Maybe it’s about challenging diners’ notion of what to expect. Since opening in July, Bowien et al. have changed the menu several times, adding made-to-order dumplings and a sous-vide operation built from an old aquarium.

Or maybe the revolution is just about doing whatever the hell they want.

“There’s a beauty to it,” says Chris Kronner, executive chef at San Francisco’s Bar Tartine and a longtime friend of Bowien’s. “You go in there, and it’s a shithole, and they’re making really great food, and playing really loud music, and nobody’s telling them not to.”

Bowien remembers the moment he realized he had to bail on the fine-dining scene. He was 26 years old, and had spent the past seven years working his way up from culinary school (he dropped out) to cooking gigs at well-regarded restaurants in both New York and San Francisco, sometimes four of them at one time.

“He’s a very, very, very, very hard worker,” says Bar Tartine’s Kronner.

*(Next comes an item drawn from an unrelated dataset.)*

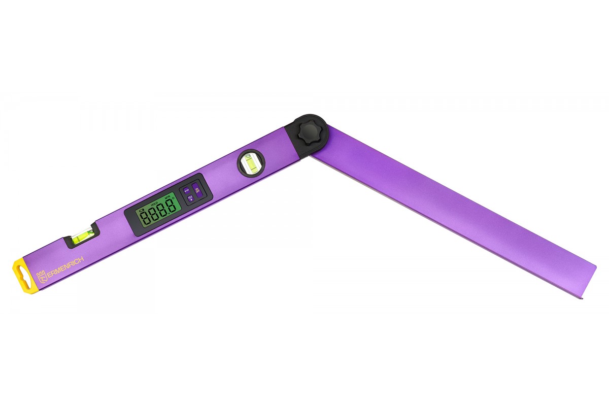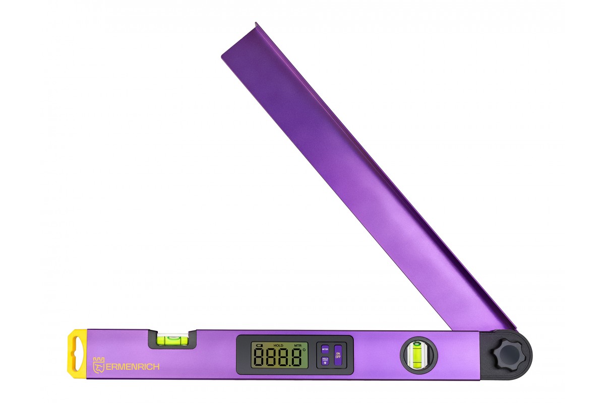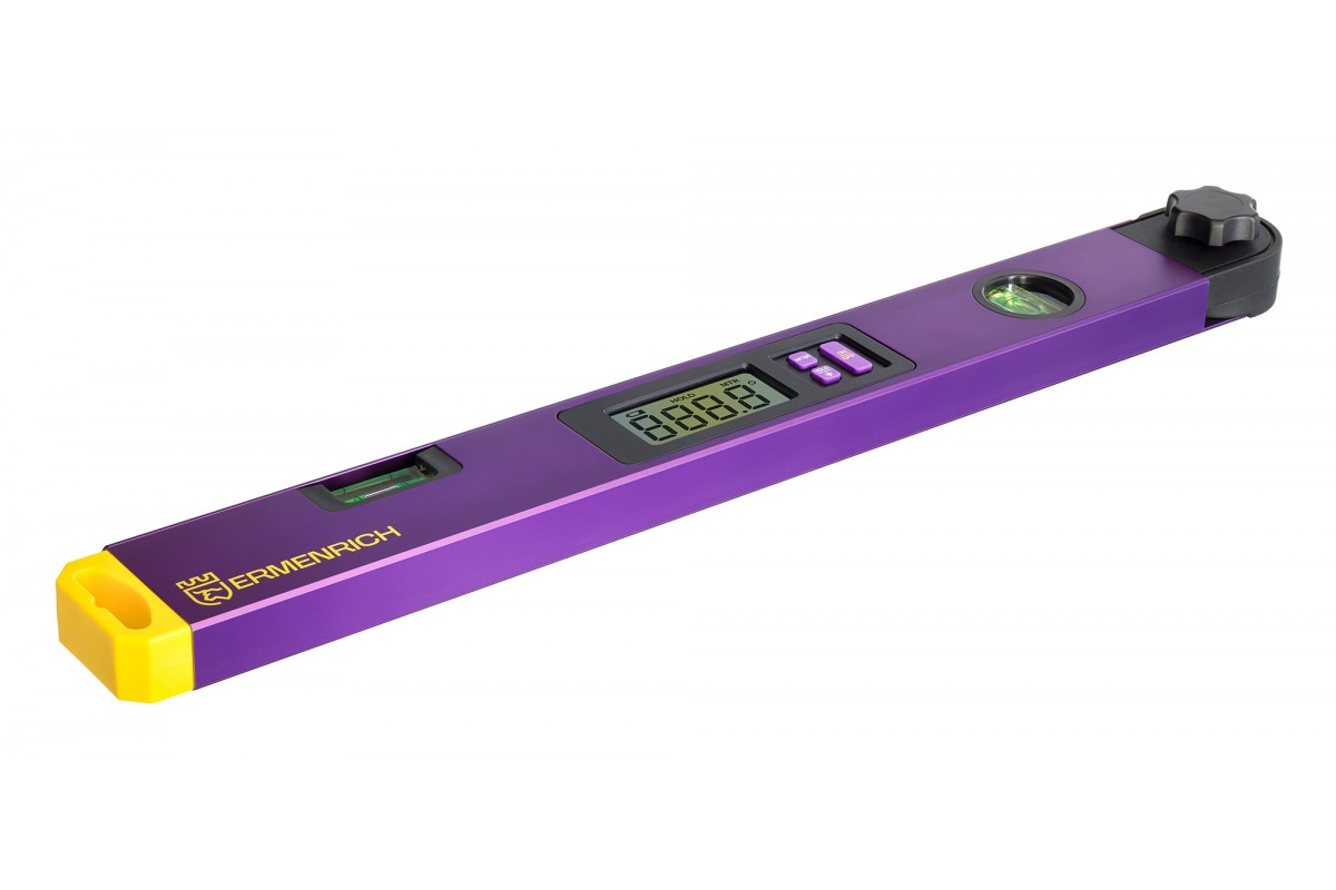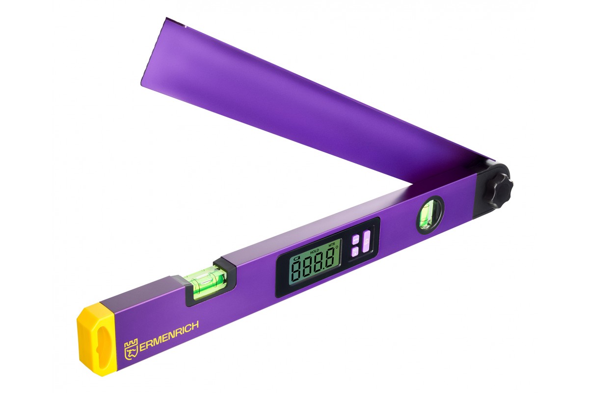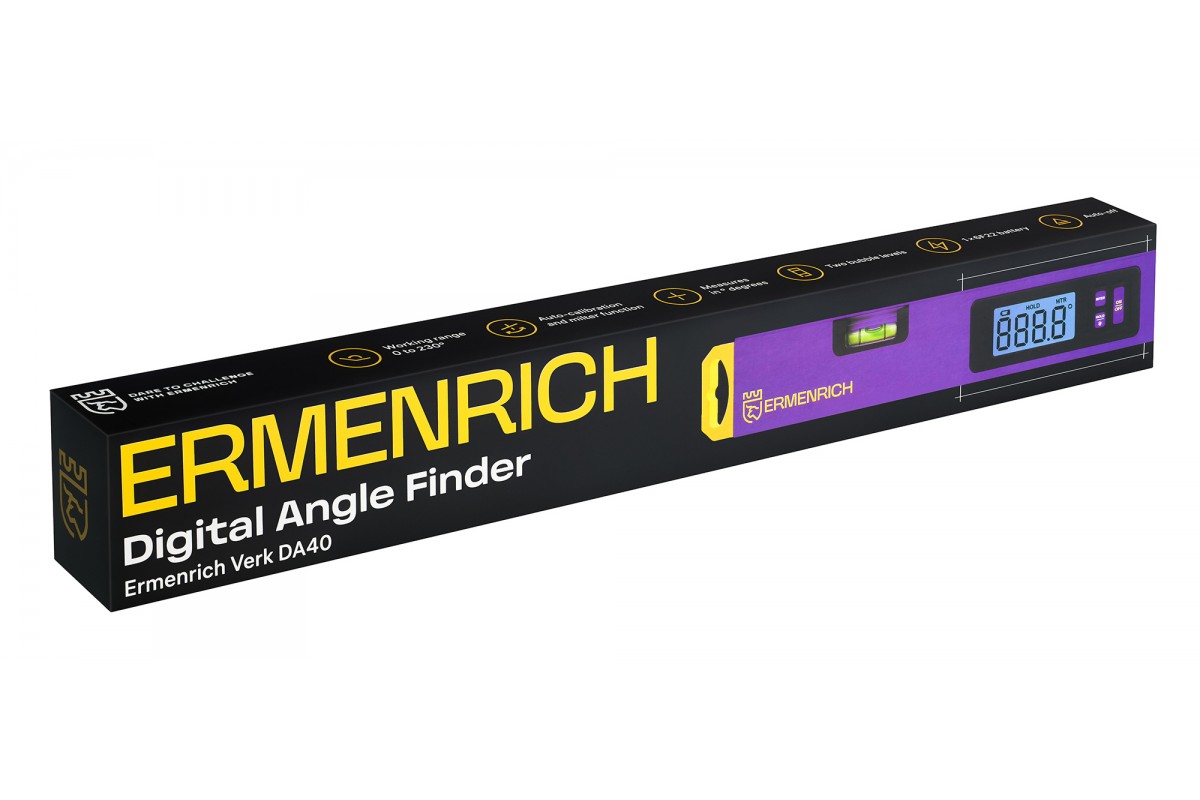 Угломер Ermenrich Verk DA40 проводит измерения в диапазоне 0–230 градусов. Корпус дополнен двумя встроенными пузырьковыми уровнями для точного позиционирования и отличается высокой прочностью: материалами для него послужили алюминий и ABS-пластик. Среди других преимуществ прибора – автоматическая калибровка и функция установки на ноль. Работает угломер от стандартной 9-вольтовой батарейки типа «Крона». Предусмотрена опция автоотключения, помогающая продлить срок работы прибора от одной батарейки.

Bowien had landed the chef de cuisine position at Farina, a chic, northern Italian date spot in San Francisco’s Mission District. While working there, his boss unexpectedly flew him to Genoa and basically tricked him into entering the Pesto World Championship (Bowien thought he was just tagging along to assist). Though he appeared to be the only non-Italian in the competition, and a Korean American with acid-washed jeans and a Lynyrd Skynyrd haircut to boot, Bowien upstaged everybody and won first place.